Examples include etale cohomology and etale ktheory. This result reflects a geometric construction of complex k theory and suggests that a group theoretic description of a certain cohomology theory for bg might eventually lead to a geometric construction of the cohomology theory. The latter property makes it in general computable. In this paper, we study the indecomposability which is also a grouptheoretic property of profinite groups of various anabelian profinite groups. Etale cohomology is an important branch in arithmetic geometry.

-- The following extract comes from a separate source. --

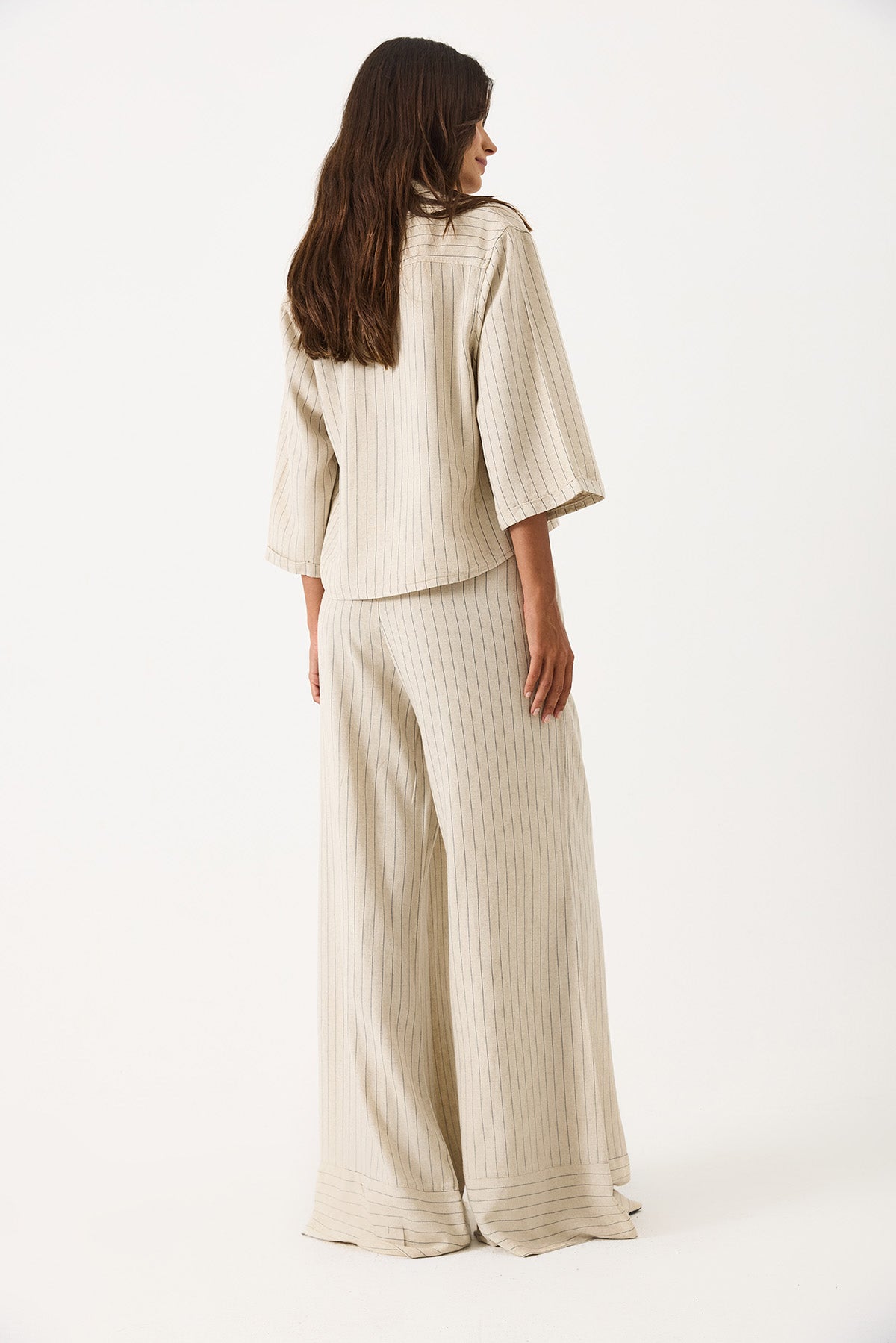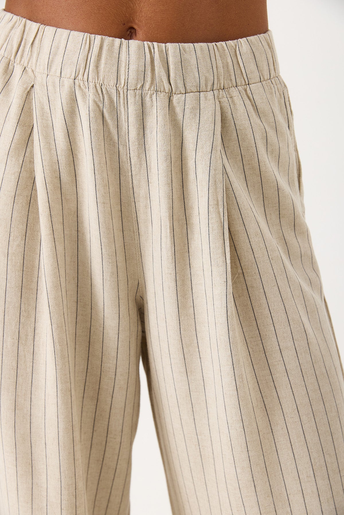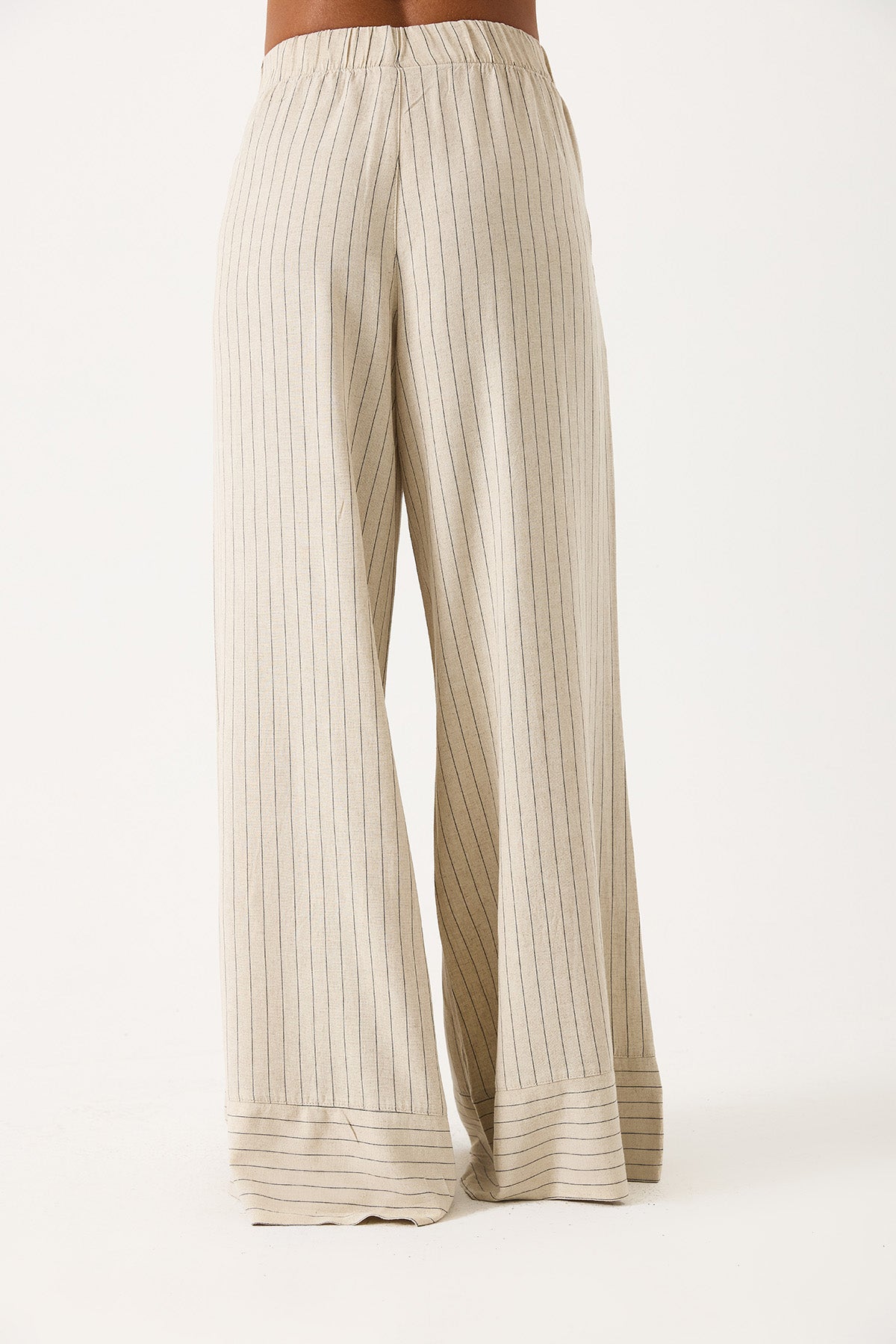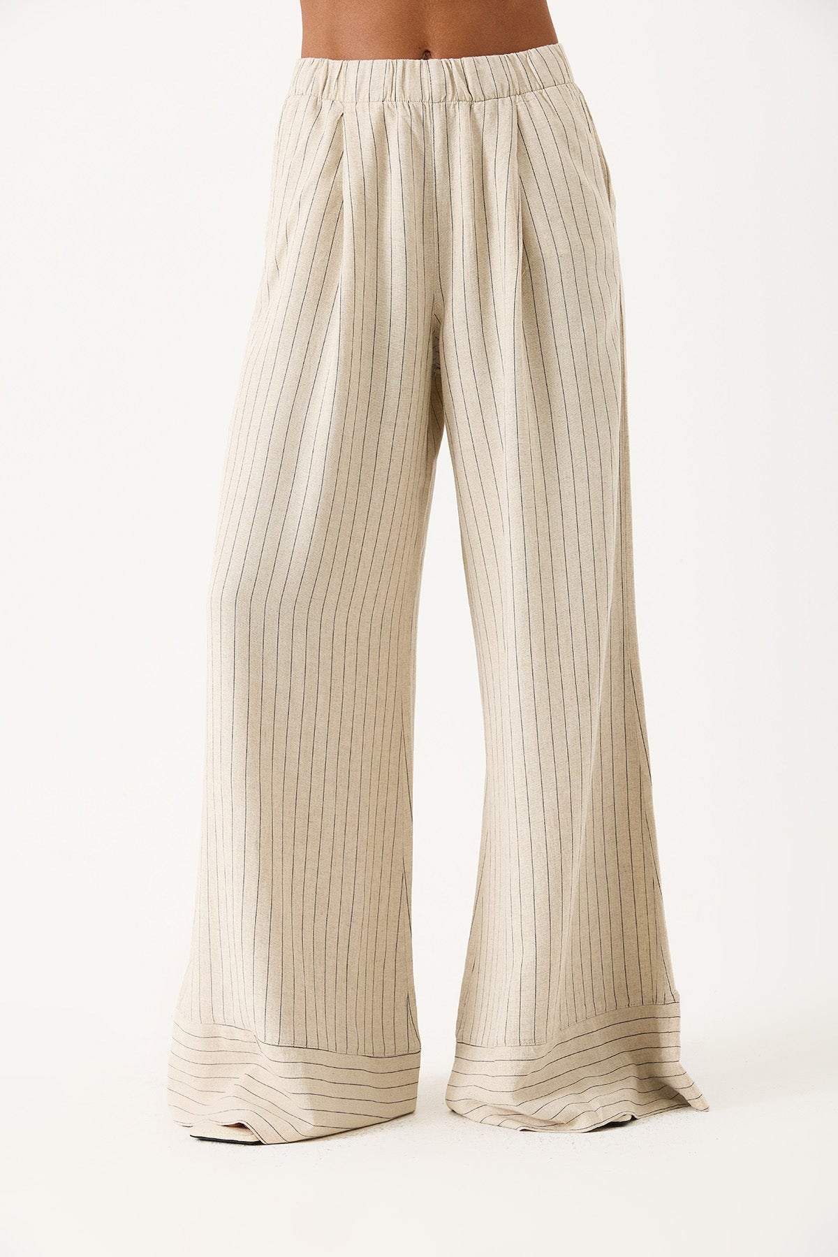 Kadın Beli Lastikli Geniş Paça Çizgili Keten Pantolon - Bej Çizgili

Fu, etale cohomology theory, revised edition, world scienti. Given a presheaf of sets g, we define the free abelian presheaf on g, denoted zg. An oxmodule is called free if it is isomorphic to a direct sum of some. A homotopy lierinehart resolution and classical brst cohomology kjeseth, lars, homology, homotopy and applications, 2001. All schemes are taken to be noetherian and separated 1 introduction the development of etale cohomology was motivated by work on the weil conjectures, which state that localzeta functions x. More generally, there is etale generalized cohomology theory with coefficients in sheaves of spectra on the etale site jardine 97. Etale cohomology theory nankai tracts in mathematics by lei fu. The most important examples of generalized cohomology theories are theory and the various cobordism theories. C czzk is a free exterior algebra with klgenerators. Cohomology theories in algebraic geometry cohomology theories in motivic stable homotopy theory andreas holmstrom universitetet i oslo 12 sep 2012. Etale cohomology theory by lei fu overdrive rakuten.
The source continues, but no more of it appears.